Criterion-referenced grading systems work for any type of class. In some classes particular facts or cognitive skills may dominate the criteria. In other classes, process oriented knowledge and affective skills may dominate the criteria. The choice is up to the teacher and will be shaped by his/her professional judgment of what is appropriate for the class and the field. However, because such a grading system puts strong emphasis on public declaration of specific knowledge and skills for each grade, every professor is open to challenge of the rigor and appropriateness of his/her grading system. This will encourage lively and productive debate: debate that is specific enough to form a realistic basis for change and growth.

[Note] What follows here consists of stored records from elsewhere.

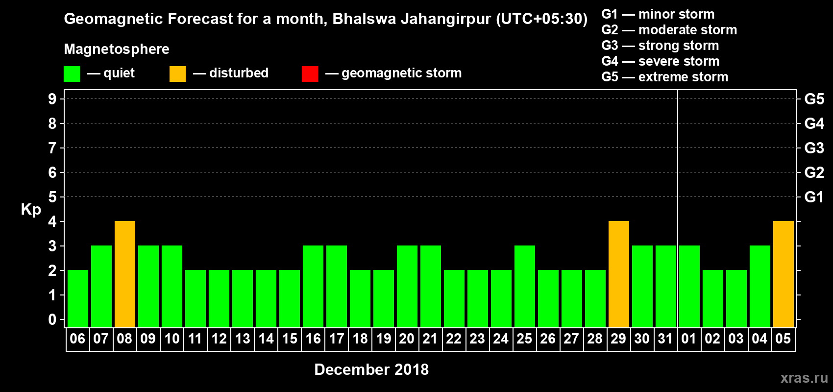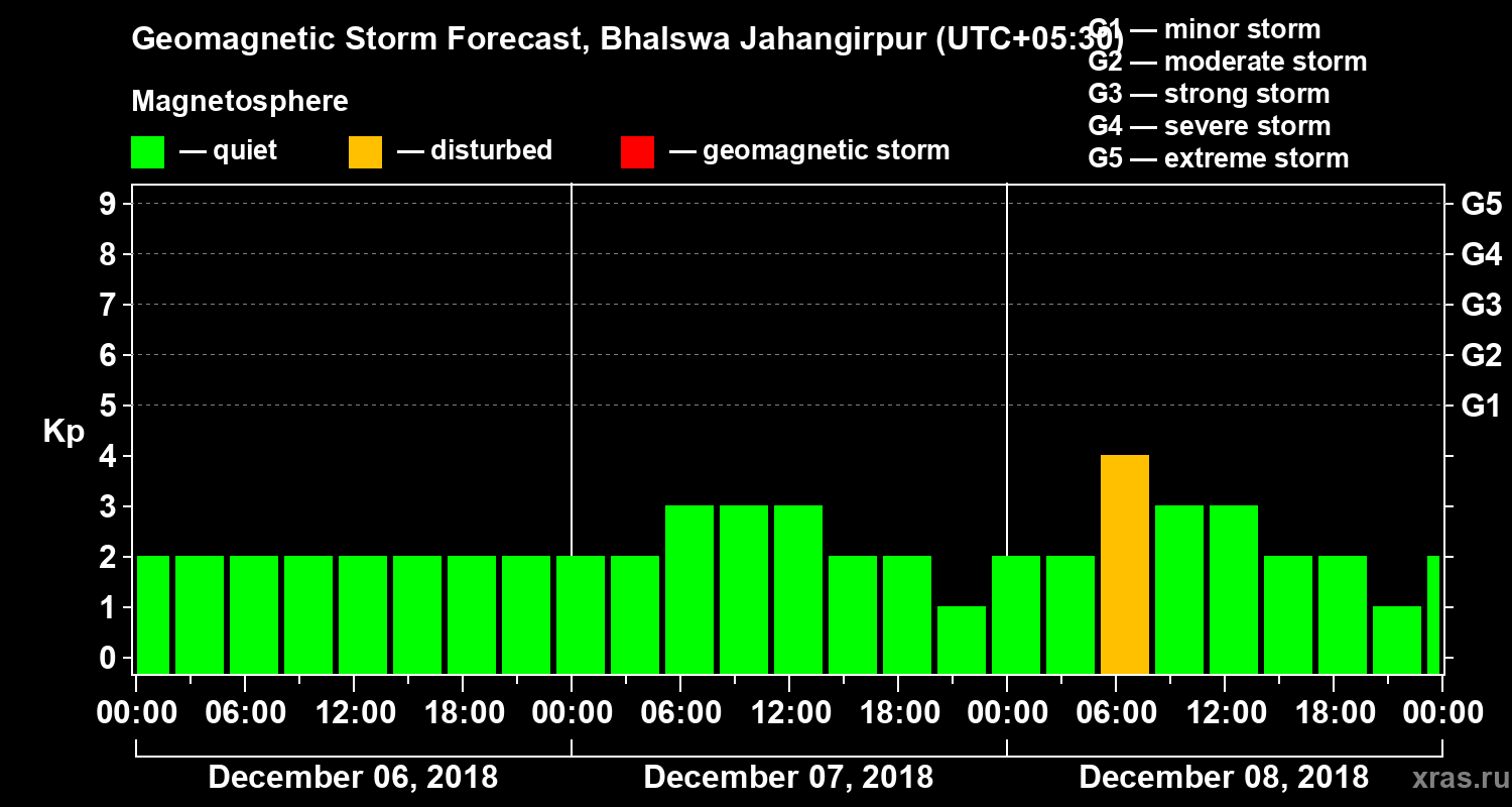 Geomagnetic storm forecast in Bhalswa Jahangirpur for Dec 06, 2018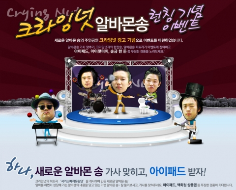 한편 알바몬은 1일 라디오 광고 런칭을 기념하기 위해 개인 및 기업회원을 대상으로 특별 이벤트를 준비했다. 크라잉넛이 직접 부른 새 알바몬송을 들어보고 가사를 맞추면 아이패드 16GB와 백화점 상품권, 음료 기프티쇼 등의 푸짐한 경품을 총 106명에게 선물한다. 또 알바몬 이벤트 페이지에서 크라잉넛 멤버와 가위바위보 플래시 게임을 해서 이기면 순금토끼 한돈, 피자 및 햄버거 등 외식상품 기프티쇼를 111명에게 선물한다. 이외에도 새로 탄생한 알바몬송을 미니블로그를 통해 소문내면 아이팟과 영화예매권, 파리바게뜨 기프티쇼 등의 풍성한 경품이 주어진다.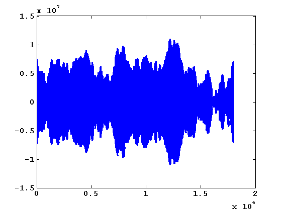 实序列的FFT是由实部和虚部组成的复数序列。把这些数字转换成极坐标,就会得到震级和相位角。您正在用p=aps(fft(...))捕获震级部分,但没有捕获相位角(这将涉及到atan2(...))。然后,当你重建你的时间序列时,你正在合成随机数(epsilon=...),并使用这些数字来代替原来的数字。另外,由于实序列的FFT有一种特殊的对称性,用随机数代替相位角会破坏这种对称性,这意味着IFFT通常不再是一个实数序列,而是一个复数序列--再一次,您只查看IFFT的真实部分,所以您再次丢弃信息。如果这是一个音频信号,结果可能听起来有点像原来的(或他们可能完全不同),但波形肯定不匹配.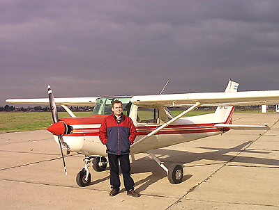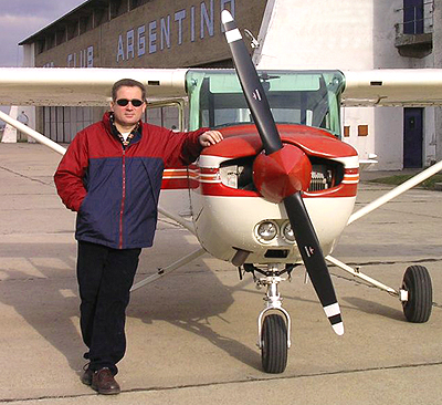 Testimonios de Morón y Escobar (12 de diciembre de 2007). Sea por planes de carrera, sea por interés de satisfacer una vieja vocación, muchos entusiastas inician el curso de pilotaje que brinda acceso a la licencia de piloto privado. Pista 18 y su grupo de usuarios, originalmente poblado por "spotters químicamente puros", hace tiempo que viene mutando para acoger (¡de buen grado, por cierto!) a un creciente número de pilotos (pasados, presentes y futuros). Dos de ellos, de hecho, acaban de concretar sus primeros vuelos solos y se entusiasman ante la idea de relatar esa maravillosa "ceremonia de iniciación". Juan Carlos Zabalgoitia (46 años, casado, tres hijos) decidió iniciar su curso de pilotaje en el Aero Club Argentino de San Justo (B.A.) para concretar un sueño de juventud que las vueltas de la vida le hicieron postergar varias veces. Esteban Gabriel Brea (25 años, soltero) es estudiante de la Licenciatura en Administración Aeronáutica y encaró el curso como parte integral de su futuro currículum profesional. Por ello, hace tres años viene capacitándose en el arte del vuelo motor, originalmente en la escuela EPPA de San Fernando y últimamente Aero Club Escobar (B.A.). Juan Carlos Zabalgoitia en el Cessna 152 LV-OCJ Ya venía con 20 y tantas horas de vuelo del curso de piloto privado y sabía que el primer solo se aproximaba. En las últimas salidas nos la pasábamos practicando circuitos, aterrizajes, toque y despegue y esas cosas. Este jueves a la mañana la "meteo" está ideal. Día glorioso, de esos que una vez recuerdo alguien dijo son "para que vuelen brigadieres". Llego al campo y el instructor no está en tierra, ha salido con alguien. Mientras lo espero en la plataforma, disfruto el lugar, el canto de los pajaritos, el cielo azul y el verde de ese vergel que es el aeródromo de San Justo en medio del cemento del Gran Buenos Aires. Irónicamente, charlando con otro piloto, comento: "en cualquier momento me largan". Finalmente llega el avion. Lo chequeo y noto que pierde combustible por la válvula de drenaje del tanque del ala izquierda. Se lo hago notar al instructor y el mecánico lo arregla en 15 minutos. Salimos. Todo bien. Vamos a zona de trabajo donde permanecemos como 45 minutos haciendo todo tipo de maniobras: Vuelo lento, recuperación de pérdida, emergencia simulada y esas cosas... Volvemos a San Justo, circuito y varios toque y despegue. En eso hacemos aterrizaje total y el instructor me dice: "Vamos a la cabecera que vamos a hacer un despegue en campo blando". "¡Que boludez!", pienso yo. "A esta altura hacer esa maniobra que ya hemos practicado tantas veces". A 90 preparamos el avión para despegue: Flaps 10º, mezcla rica, aire frío. En eso veo que mi instructor empieza a sacarse el cinturón mientras dice: "Bueno. Te vas a hacer un circuito solo. Yo me bajo. Acordate que el avion va a pesar 90 kilos menos. ¡Chau!" Cierra la puerta y se va... Y ahí comprendo que el momento ha llegado. En realidad no podía ser mejor. Día perfecto de otoño, cielo despejado, poco viento, aire frío, alta densidad. Y ahí quedo yo, solo frente a una de esas grandes circunstancias de la vida.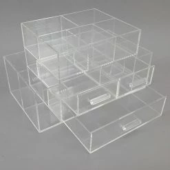 The OnDisplay Tiered Cosmetic Organizer neatly stores all your makeup in one simple and awesome design. Constructed of heavy-duty clear acrylic, the 7 Tier Cosmetic Organizer features 6 pull-out drawers each measuring 11.5″ wide and 11.5″ deep. The top level of the organizer has a lift-up lid to store frequently used cosmetics in a simple-to-access location. The entire unit measures about 12″ x 12″ x 18″ tall.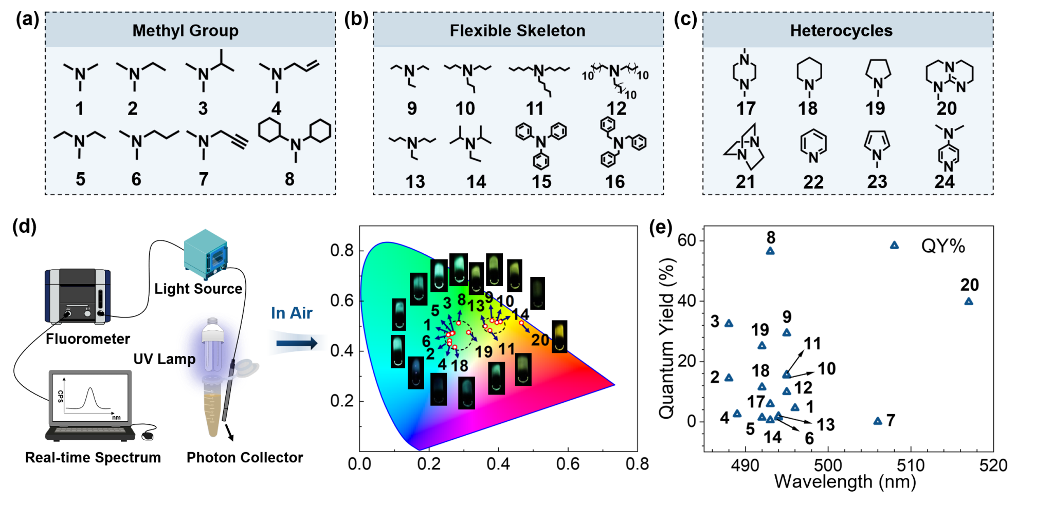 有机胺的识别和区分在药物分析、食品腐败、生物医学检测和临床诊断等领域的应用至关重要。现有的基于发光的胺识别方法主要依赖于荧光淬灭,这限制了灵敏性和选择性检测的范围(图1a, b)。最近,张国庆教授团队提出了一种荧光变色方法,用于快速区分不同的有机胺。在光照条件下,三级胺分子和被光激活的萘酰亚胺分子首先形成激基复合物(exciplex),并构象调整为稳定的光致电荷转移络合物(PCTC)。三级胺和萘酰亚胺分子在光照下的独特结合方式为高度类似的三级胺分子取代基结构的区分提供了条件(图1c)。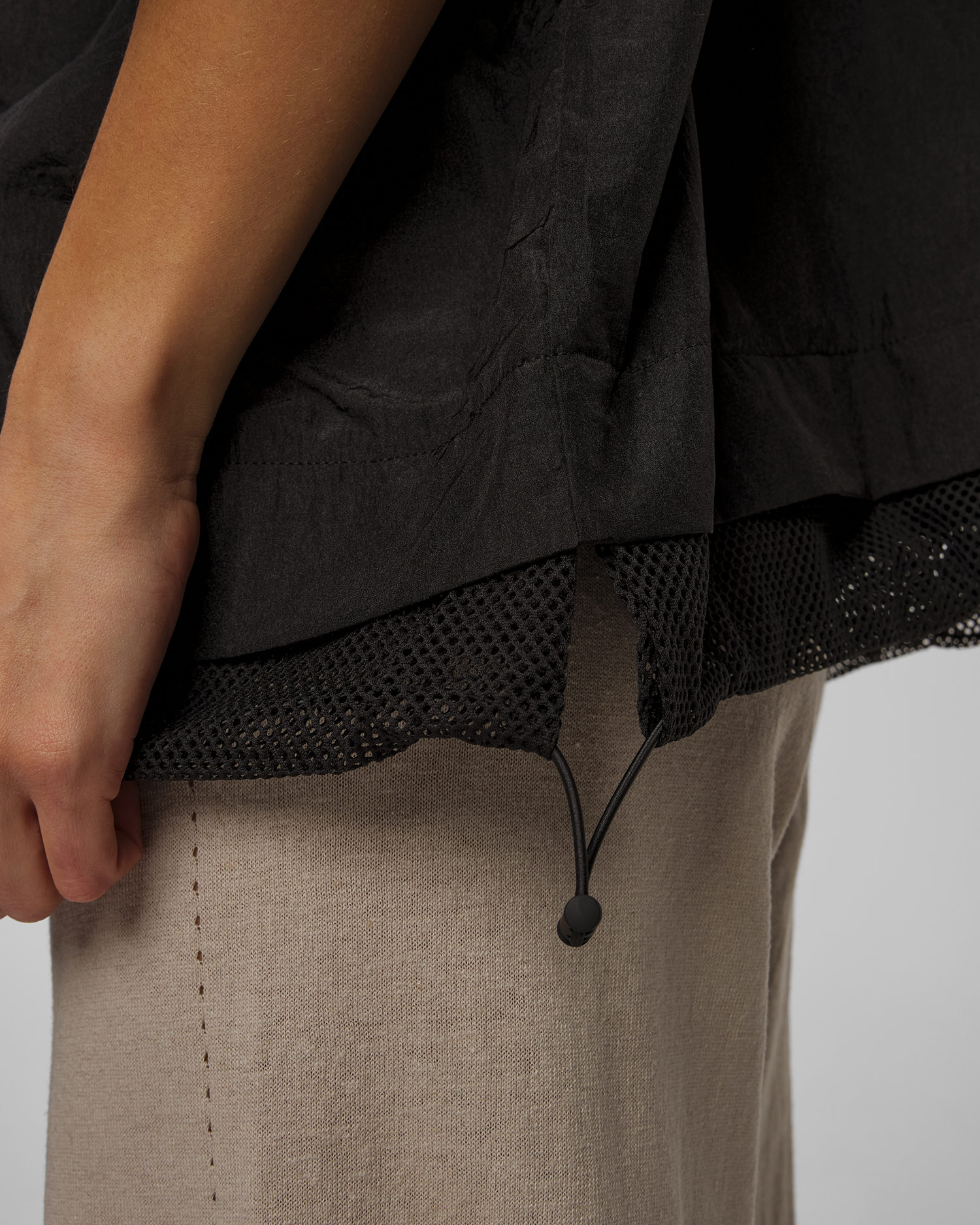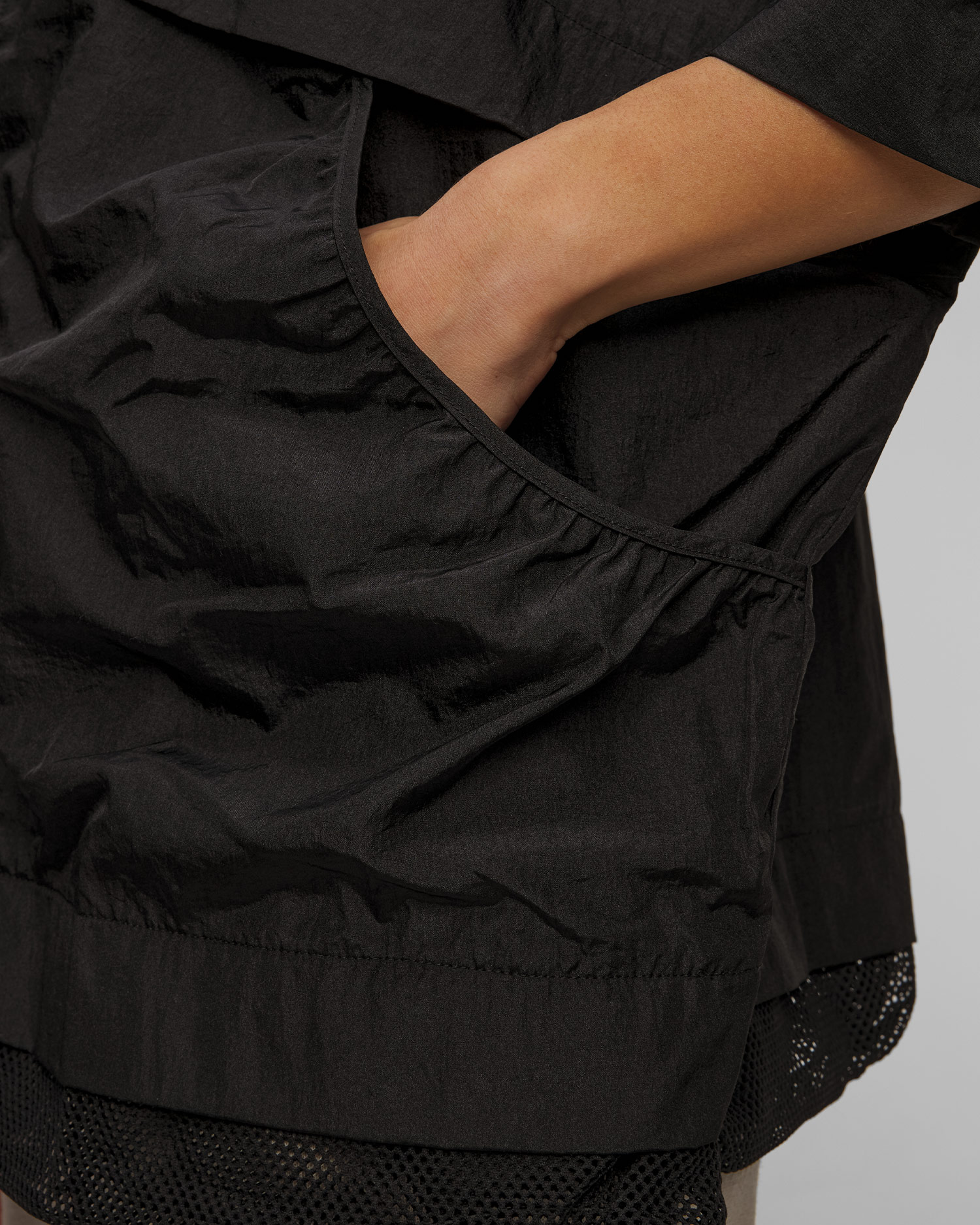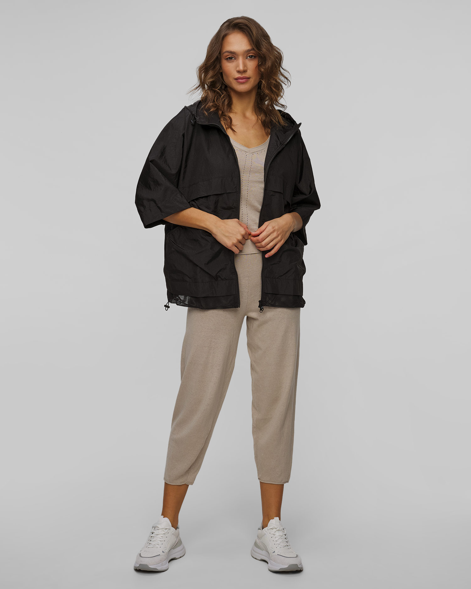 Fabricată din crep ușor și încrețit. Mâneci 3/4, guler înalt cu glugă și legături, tiv cu inserție de plasă reglabilă cu cordon elastic, buzunare laterale, fermoar cu cursor dublu. Tăietură oversize.

One alternative to letter grading and the use of the GPA. is the narrative transcript. This approach has been practiced at innovative schools such as the University of California at Santa Cruz and The Evergreen State College in Washington State. The problem with this approach is the large quantity of often redundant information that it generates, as well as the additional amount of faculty time required to generate the transcripts. However, the second author’s experience with this system at Evergreen suggests that, in practice, the narrative statements often become code phrases for the evaluation of specific criteria that are relatively standardized, as well as within the competence of the faculty member to evaluate efficiently. This includes competencies such as the mastery of specific subject matters, effective written and oral communication skills, and critical thinking abilities. The advent of information processing technology gives us the possibility of managing this type of information with a relatively high degree of ease and speed. By including information about the relative criteria in a given class, and comparing performance on related criteria in different classes, we could generate transcripts with a much higher level of useful information content than we are currently producing. The main thing we would need to give up is the illusion of the spurious accuracy of student ranking that we now create by using the GPA.

If most university classes had criterion-referenced
grading systems, we would no longer need to speak of potential grade inflation
in terms of vague, mathematically imprecise and unreliable statistics--statistics
that are only indirectly related to grading standards. Instead, we could
critique the actual standards on which the grades were based.